Fail to do variant calling

PanZiwei commented 3 years ago

Hi, I have several issues when doing the variant calling and would really appreciate it if you can help:

I am trying to install your packages but got the error when install parallel package with pip3 install parallel/pip install parallel/pip install parallel==0.2.5

Here is the error information:

\Collecting parallel==0.2.5
  Using cached parallel-0.2.5.tar.gz (57 kB)
    ERROR: Command errored out with exit status 1:
     command: /projects/li-lab/Ziwei/Anaconda3/envs/NanoCaller/bin/python -c 'import sys, setuptools, tokenize; sys.argv[0] = '"'"'/tmp/pip-install-2t3yafw8/parallel_3f9d07c107ca42d2bba5ddd63ac5efed/setup.py'"'"'; __file__='"'"'/tmp/pip-install-2t3yafw8/parallel_3f9d07c107ca42d2bba5ddd63ac5efed/setup.py'"'"';f=getattr(tokenize, '"'"'open'"'"', open)(__file__);code=f.read().replace('"'"'\r\n'"'"', '"'"'\n'"'"');f.close();exec(compile(code, __file__, '"'"'exec'"'"'))' egg_info --egg-base /tmp/pip-pip-egg-info-md6zu29q
         cwd: /tmp/pip-install-2t3yafw8/parallel_3f9d07c107ca42d2bba5ddd63ac5efed/
    Complete output (8 lines):
    Traceback (most recent call last):
      File "<string>", line 1, in <module>
      File "/tmp/pip-install-2t3yafw8/parallel_3f9d07c107ca42d2bba5ddd63ac5efed/setup.py", line 5, in <module>
        import pprocess
      File "/tmp/pip-install-2t3yafw8/parallel_3f9d07c107ca42d2bba5ddd63ac5efed/pprocess.py", line 255
        raise AcknowledgementError, obj
                                  ^
    SyntaxError: invalid syntax
    ----------------------------------------
WARNING: Discarding https://files.pythonhosted.org/packages/31/5b/66966fb4d103191b7cbc92730db6a335986fbdb3d9f55cbb54b7ba87e9d4/parallel-0.2.5.tar.gz#sha256=2c9f08dac392859c83e43c9f0e38fb4b4e1516b54cdd5fda8da20a3cf5f75498 (from https://pypi.org/simple/parallel/).
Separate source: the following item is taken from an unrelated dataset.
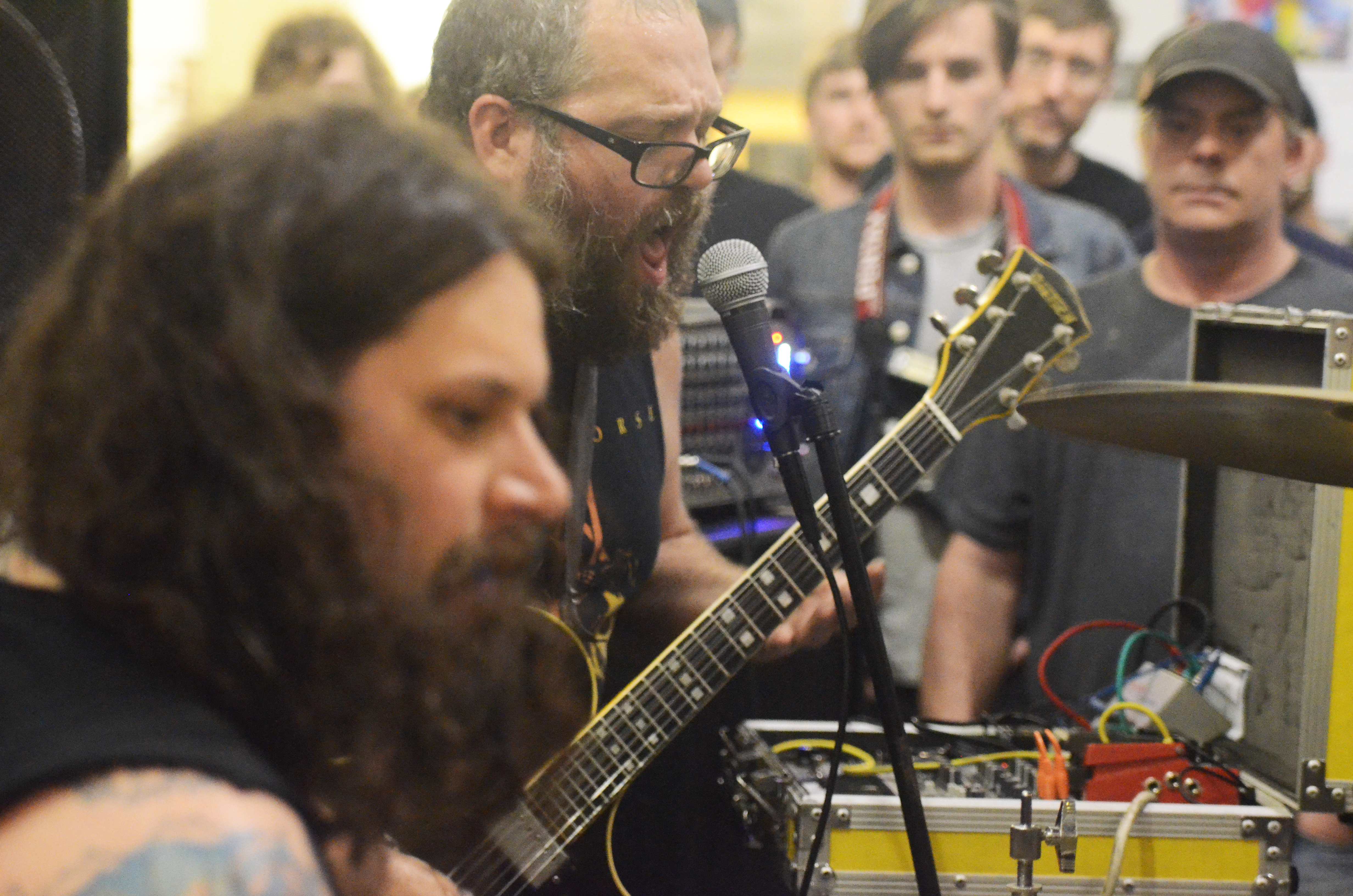 Live in Greensboro, NC @ Gatewood Studio Arts Building UNC-G
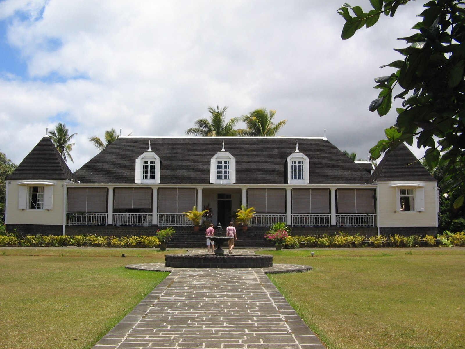 House of Saint-Aubin (Mauritius). Stage on the Route du Thé.

Command errored out with exit status 1: python setup.py egg_info Check the logs for full command output.
ERROR: Could not find a version that satisfies the requirement parallel==0.2.5
ERROR: No matching distribution found for parallel==0.2.5

Any idea on this issue?

I tried to call variants with the command below:

python $nanocaller_dir/scripts/NanoCaller_WGS.py \
-bam $output_dir/data.bam \
-ref $ref_dir/GRCh37_new.fa \
-prefix data \
-o $output_dir \
-cpu $CPU \
-seq ont

But I got the error:

2021-02-02 00:09:39.582079: Starting NanoCaller.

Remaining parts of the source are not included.